School of Nursing & Health Studies, University of Washington Bothell, Bothell, Washington, United States of America.
The Department of Electrical and Computer Engineering, Automation and Systems Research Institute, Seoul National University, Seoul, Korea.
PLoS One. 2022 Jul 29;17(7):e0272330. doi: 10.1371/journal.pone.0272330. eCollection 2022.
We aimed to develop prediction models for depression among U.S. adults with hypertension using various machine learning (ML) approaches. Moreover, we analyzed the mechanisms of the developed models. This cross-sectional study included 8,628 adults with hypertension (11.3% with depression) from the National Health and Nutrition Examination Survey (2011-2020). We selected several significant features using feature selection methods to build the models. Data imbalance was managed with random down-sampling. Six different ML classification methods implemented in the R package caret-artificial neural network, random forest, AdaBoost, stochastic gradient boosting, XGBoost, and support vector machine-were employed with 10-fold cross-validation for predictions. Model performance was assessed by examining the area under the receiver operating characteristic curve (AUC), accuracy, precision, sensitivity, specificity, and F1-score. For an interpretable algorithm, we used the variable importance evaluation function in caret. Of all classification models, artificial neural network trained with selected features (n = 30) achieved the highest AUC (0.813) and specificity (0.780) in predicting depression. Support vector machine predicted depression with the highest accuracy (0.771), precision (0.969), sensitivity (0.774), and F1-score (0.860). The most frequent and important features contributing to the models included the ratio of family income to poverty, triglyceride level, white blood cell count, age, sleep disorder status, the presence of arthritis, hemoglobin level, marital status, and education level. In conclusion, ML algorithms performed comparably in predicting depression among hypertensive populations. Furthermore, the developed models shed light on variables' relative importance, paving the way for further clinical research.

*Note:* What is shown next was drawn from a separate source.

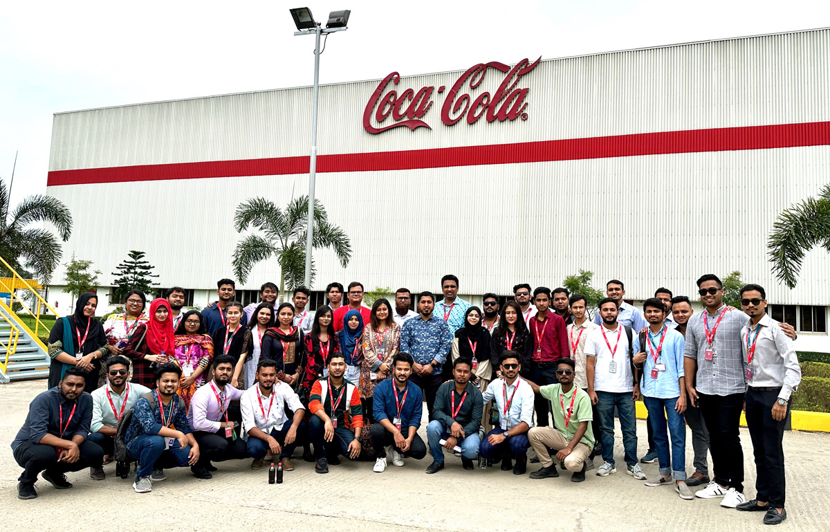 The Department of Marketing, Faculty of Business Administration (FBA), AIUB, organized a study visit to Coca-Cola Bangladesh Beverages (CCBB) Limited’s Bottling Plant in Bhaluka, Mymensingh, on April 01, 2023. As a part of the regular student development program, students from the marketing major courses of ‘Sales Management’ and ‘Product Innovation and Management,’ along with their faculty members, went on to visit the factory to get some practical insights about the plant operations, warehousing, sales & distribution processes of this renowned company.
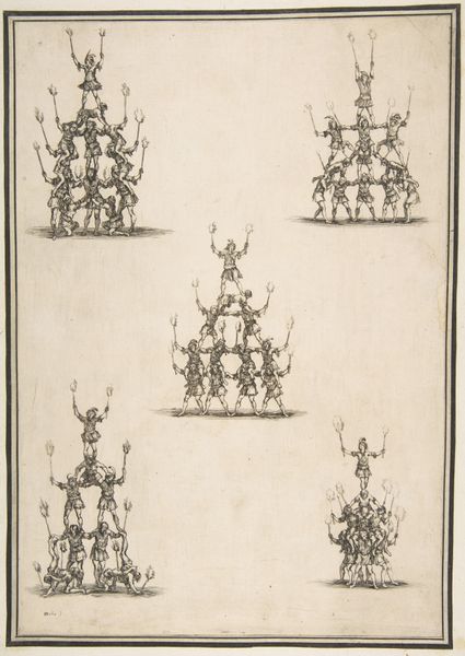 This etching, ‘Four riders in a row at bottom, five riders forming a V above and another rider in the center, from 'La gara delle Stagioni’, was made by Stefano della Bella. In it, one is immediately struck by the almost mathematical composition, where the grouping of riders suggests an exercise in spatial arrangement. The linear quality of the etching technique, combined with the repetitive motif of horse and rider, creates a sense of rhythm and order, yet it also hints at underlying tensions between the individual and the collective. Consider how the arrangement of figures might symbolize the social hierarchies of Della Bella’s time, or perhaps how it reflects a broader philosophical interest in systems and structures of power. This work destabilizes any singular interpretation, inviting us instead to consider its multiple layers of meaning. Ultimately, the formal clarity of the composition underscores its conceptual complexity, a hallmark of Della Bella’s engagement with the intellectual currents of his era.

我们旨在使用各种机器学习 (ML) 方法为美国高血压成年人开发抑郁预测模型。此外,我们还分析了所开发模型的机制。这项横断面研究包括来自国家健康和营养检查调查(2011-2020 年)的 8628 名高血压成年人(11.3%患有抑郁症)。我们使用特征选择方法选择了几个重要特征来构建模型。通过随机降采样处理数据不平衡。在 R 包 caret-artificial neural network、random forest、AdaBoost、stochastic gradient boosting、XGBoost 和 support vector machine 中实现了六种不同的 ML 分类方法,并使用 10 倍交叉验证进行预测。通过检查接收器操作特征曲线下的面积 (AUC)、准确性、精度、敏感性、特异性和 F1 分数来评估模型性能。对于可解释的算法,我们在 caret 中使用了变量重要性评估函数。在所有分类模型中,使用所选特征训练的人工神经网络(n=30)在预测抑郁方面的 AUC(0.813)和特异性(0.780)最高。支持向量机预测抑郁的准确性(0.771)、精度(0.969)、敏感性(0.774)和 F1 分数(0.860)最高。对模型贡献最大的最常见和最重要的特征包括家庭收入与贫困的比例、甘油三酯水平、白细胞计数、年龄、睡眠障碍状况、关节炎的存在、血红蛋白水平、婚姻状况和教育水平。总之,ML 算法在预测高血压人群中的抑郁方面表现相当。此外,所开发的模型揭示了变量的相对重要性,为进一步的临床研究铺平了道路。